ステンレスの板を踏む複数の音が聞こえてきて、そっと刺激しないよう音を立てずに上ってみる。見ると、三人の金髪と茶髪の男たちが黒髪の男を暴力という力でいじめていた。黒髪の顔を拝見するために、横目で覗くと僕の母親を殺した囚人だった。思わず目が合う。僕は固唾を飲んで、目線を逸らした。
ここで彼を助ければ、絶対に僕のことを良い人だと思うにちがいない。しかし三人を相手にするとなれば、厄介だ。三人とも筋肉質であり、僕の細身では全くといって歯が立たないだろう。最悪死ぬ恐れがある。とはいえここで動かなければ、彼と仲良くしてその後裏切るという流れに持っていくことはできない。復讐するためなら、なんだってするさ。例え命を犠牲してでも、僕はアイツを助けたい。

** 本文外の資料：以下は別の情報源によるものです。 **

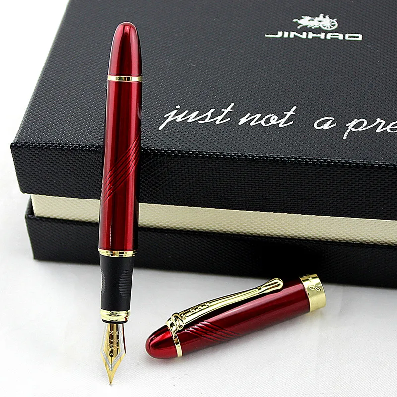 Jinhao X450 Роскошные красные перьевые ручки с черной отделкой, высококачественные металлические ручки для офиса, школьные принадлежности

「おい、そこの囚人三人! 僕が相手をしてやる。だからそいつに手を出すな」
そう喚き散らすと、三人に睨まれた。その眼光は全員鋭い。足がガタガタと震え出し、顔が青ざめていく。だが、ここで引き下がってはダメだ。アイツらを倒さなければ。
僕はボクシングのような構えをしてから、茶髪の男に殴りかかる。そのパンチは受け止められてしまい、強く握りしめられた。痛みで顔が歪む。なんて強さだ。こんなの僕では勝てない。彼は得意げに腕の筋肉を見せながら言う。
「俺とやろうってのか? 面白い奴だ。後悔させてやるよ」
男は僕の手を握ったまま、投げ飛ばした。後頭部を手すりの下の棒にぶつけて、赤黒い血が流れる。床に血が垂れて、少しだけ赤く染まる。眩暈に襲われ、あたりがぼやけてきた。もう何が何だか分からない。疲れた……。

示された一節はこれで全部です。